The short answer is yes. Not dealing with the deficit will cause so much economic pain that it is hard to get people to imagine it. That has to take priority over not raising taxes. It is not a matter, at least for me, of what is desirable, but of what is necessary. I would prefer a smaller government, lower taxes, etc. But unless Republicans manage to install far more members of Congress than seems likely today, that’s not going to happen. Waiting until there is a train wreck to fix the track is not sound public policy.

What Should Seniors Do?

Bill Daugherty wrote:

“One very large obstacle to the idea of VAT replacing income taxes would seem to be the seniors lobby. ‘What? I paid taxes on my income all my earning life, and now you want to change to tax me on my spending life as well?’ Getting from Here to There will always be a problem. No solution can be beneficial to all age and earning cohorts.”

And David Oldham answered:

“I think a VAT with exports exemption is a good idea.

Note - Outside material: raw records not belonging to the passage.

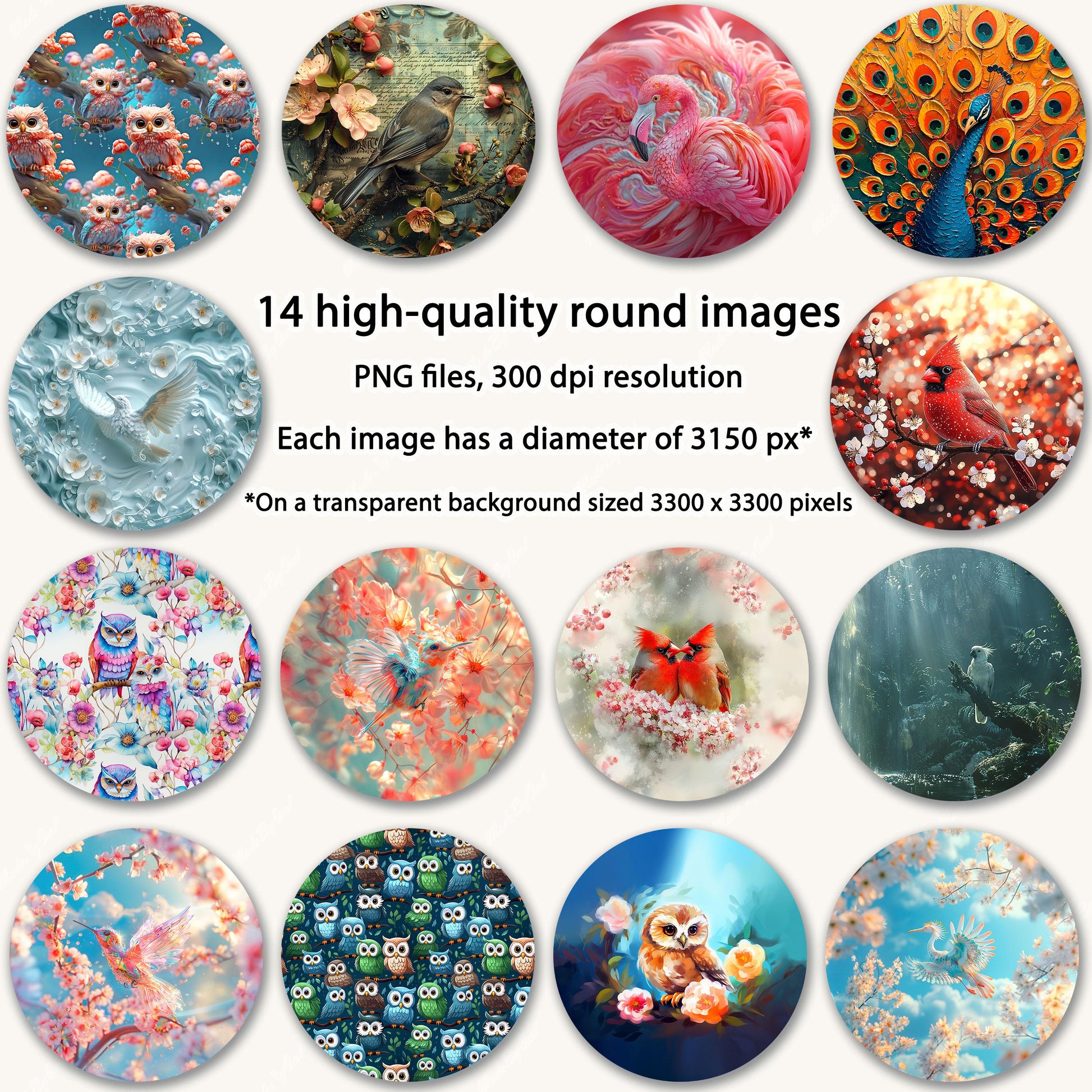- 14 round PNG images — 10.5 inches in diameter (transparent background, 3300 x 3300 px).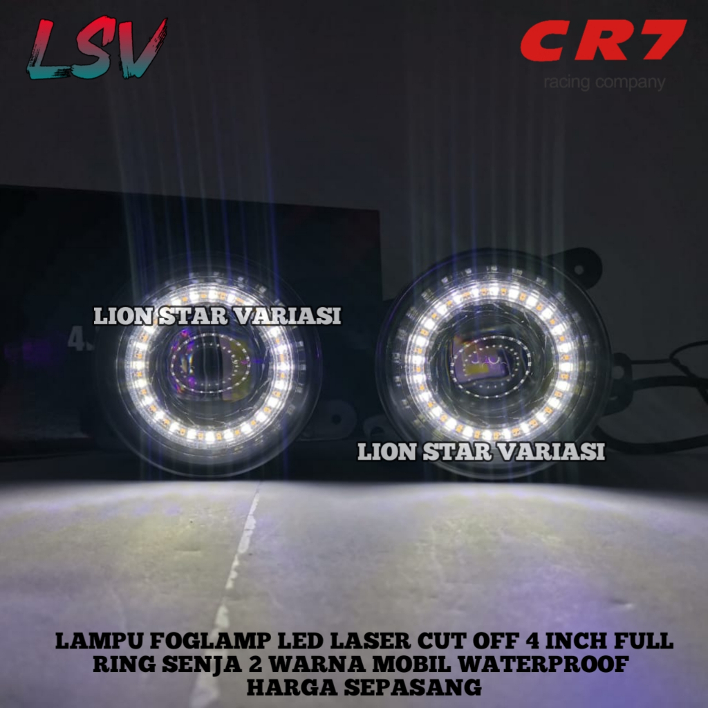 2 Pcs Lampu Tembak Foglamp Mobil 4 inch CR7 Cut Off Full Aluminium Ring Senja 2 Warna Putih Kuning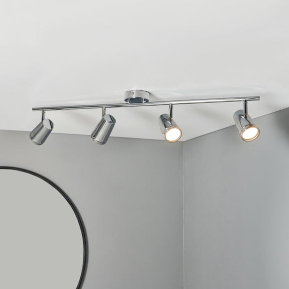The Freya 4 Light Adjustable Spotlight Bar delivers a contemporary, streamlined look with the added flexibility of four adjustable heads. Made from metal and glass, it’s designed to feel modern and polished whilst giving you targeted light where it matters most — over a vanity, along a hallway, or across a kitchen workspace. With an IP44 rating, it’s suitable for bathroom use too, bringing a confident, functional finish to everyday lighting.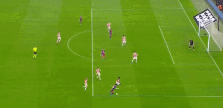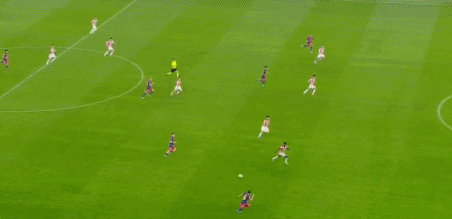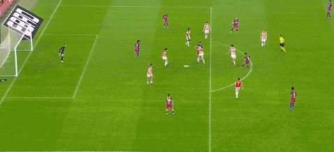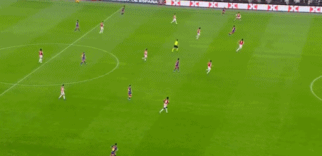 第43分鐘,畢爾巴鄂競技終于迎來機會,貝倫格爾右路傳中,桑切特單刀推射,又不偏不倚擊中立柱彈出。上半場結束,巴薩4球領先,勝負懸念已經消失。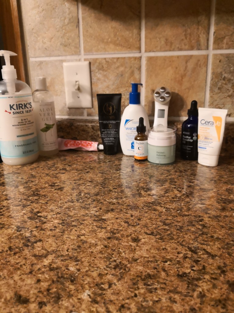 - Cleanser: I use Kirk’s Head-to-Toe Nourishing Cleaners (fragrance-free) for my face when I am in the shower and Vanicream Facial Cleanser when I am not. They both make my skin feel clean but not stripped which I love.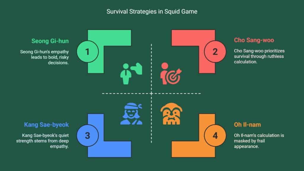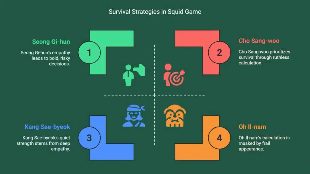 - Main character types include Gi-hun’s optimism, Sang-woo’s calculated thinking, Sae-byeok’s independence, Ali’s trust, and Il-nam’s hidden wisdom.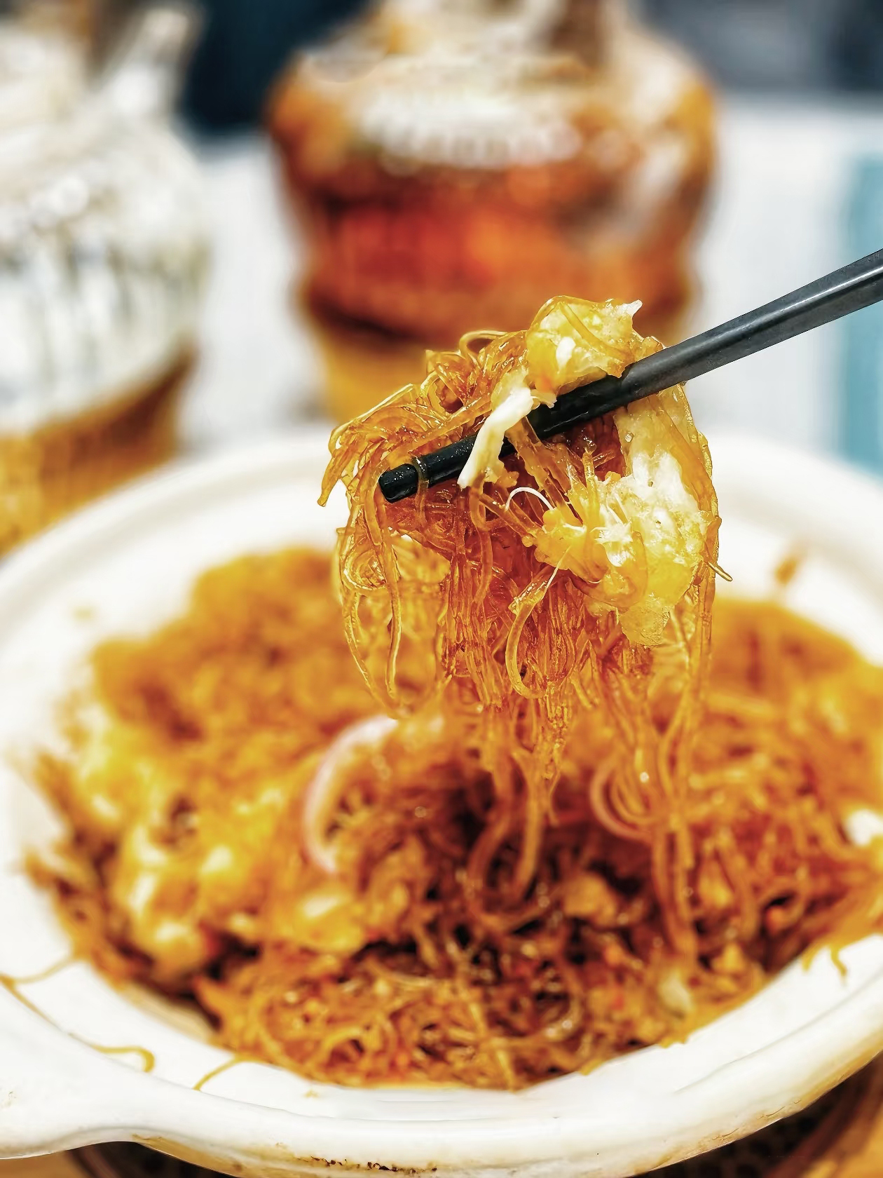 選用新鮮蟹拆出飽滿蟹肉,搭配吸味力強的細滑粉絲,以「乾逼」手法鎖住鮮香,直至湯汁幾乎收乾,鍋底微帶焦香。 出鍋時蟹肉纖細分明,裹著晶瑩飽滿的粉絲,入口先是蟹肉的鮮勁衝擊味蕾,而後粉絲的軟滑與底味的鹹鮮纏繞,每一口都鮮得夠味,毫無多餘水分,盡顯「乾逼」菜式的濃香惹味。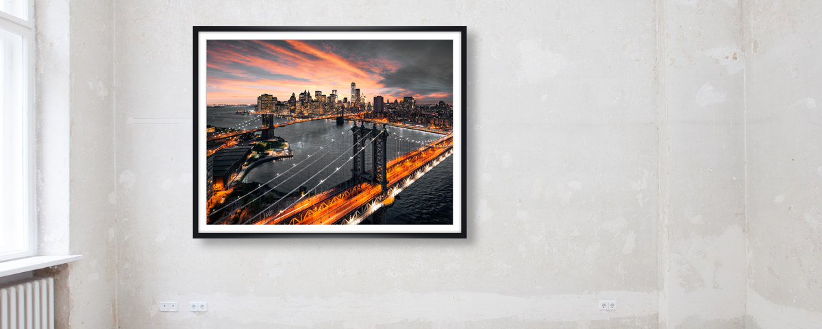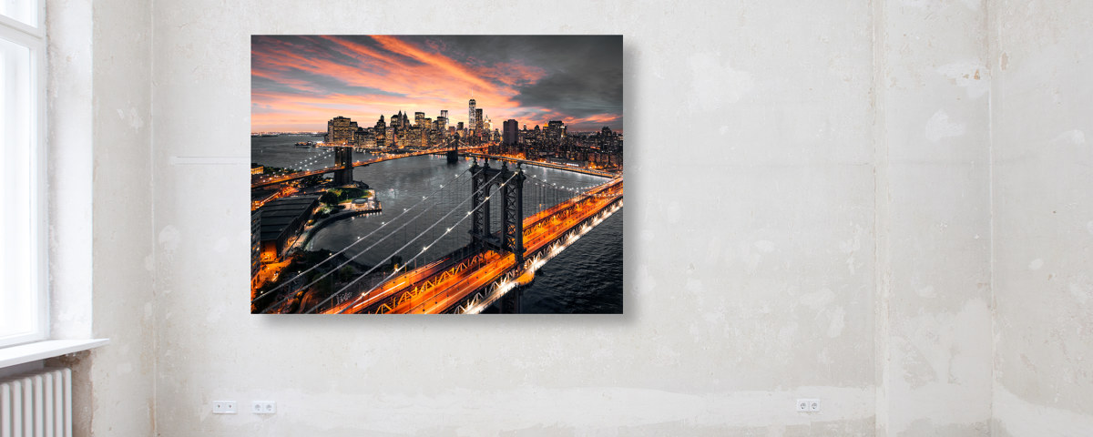 MANHATTAN PANORAMA als Hahnemühle Fineart Print. Entweder pur als Print, im Rahmen auch mit Passepartout oder kaschiert auf Alu-Dibond. Das handgeschöpfte Papier zeigt Nuancen Ihres neuen Lieblingsbilds, die auf anderen Materialien im Verborgenen bleiben.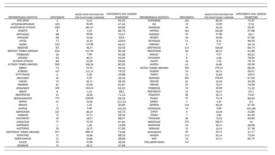 Αναλυτικότερα τα κρούσματα στις περιφερειακές ενότητες που ανήκουν στην Αττική: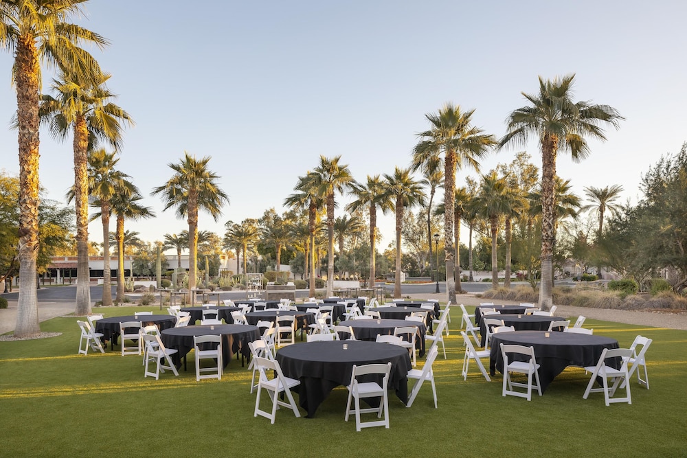 The resort offers 85,000 square feet of event space , making it one of the most substantial conference properties in the Scottsdale market. Three ballrooms, as well as private and semi-private banquet rooms, are available for groups and parties. Event space ranges from open-air plazas to airy ballrooms to dedicated meeting rooms and a pool court, giving planners a broad mix of indoor and outdoor configurations. The beautifully landscaped grounds and tranquil patios accommodate dream weddings, receptions, corporate theme parties, and formal private events.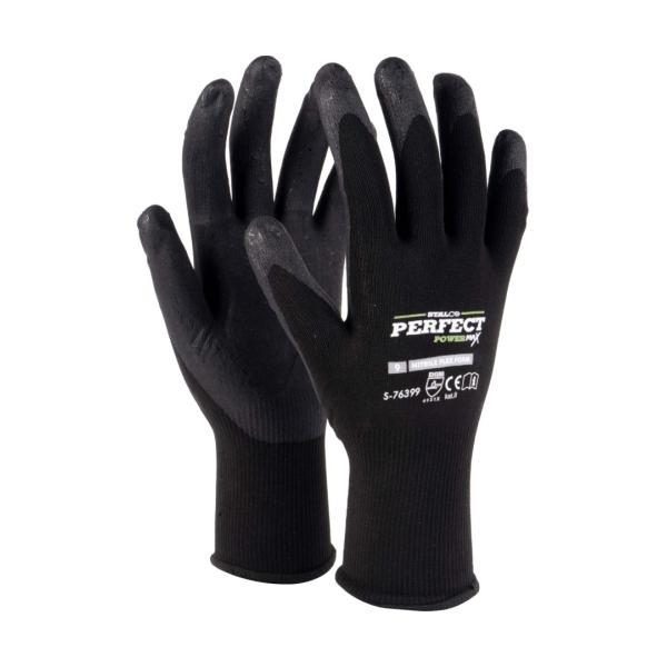 Stalco Munkavédelmi kesztyű, nylon, fekete, 9-es méret, NITRILE FLEX FOAM, PERFECT POWERMAX S-76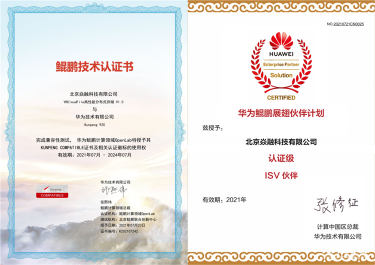 近日,经过多维度的严格验证,北京焱融科技YRCloudFile 高性能分布式文件存储产品与华为Kunpeng920 完成兼容性测试,正式获得华为鲲鹏计算领域OpenLab特予的KUNPENG COMPATIBLE证书。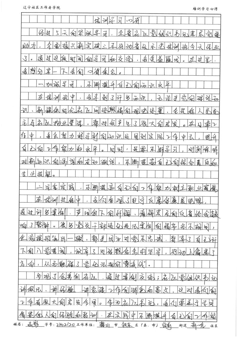 鞍山市铁东区站前街道新一佳社区党委书记、居委会主任赵影学习心得

The point made in comments here about VAT hitting retired folk already hit by low savings returns is valid (I am in that category myself), but one has to ask the question, what do we older generations deserve for being instrumental or oblivious to creating such a mess for our kids and grandkids? We will all have to suffer the ultimate consequences.”

David makes a very solid point. Borrowing from our children, which they must pay in the future, to enjoy our benefits today is not right, any way you look at it. And with a prebate, that should take much of the argument away.

Read the rest of this entry »

Is Your State A Net Giver or Taker of Federal Taxes?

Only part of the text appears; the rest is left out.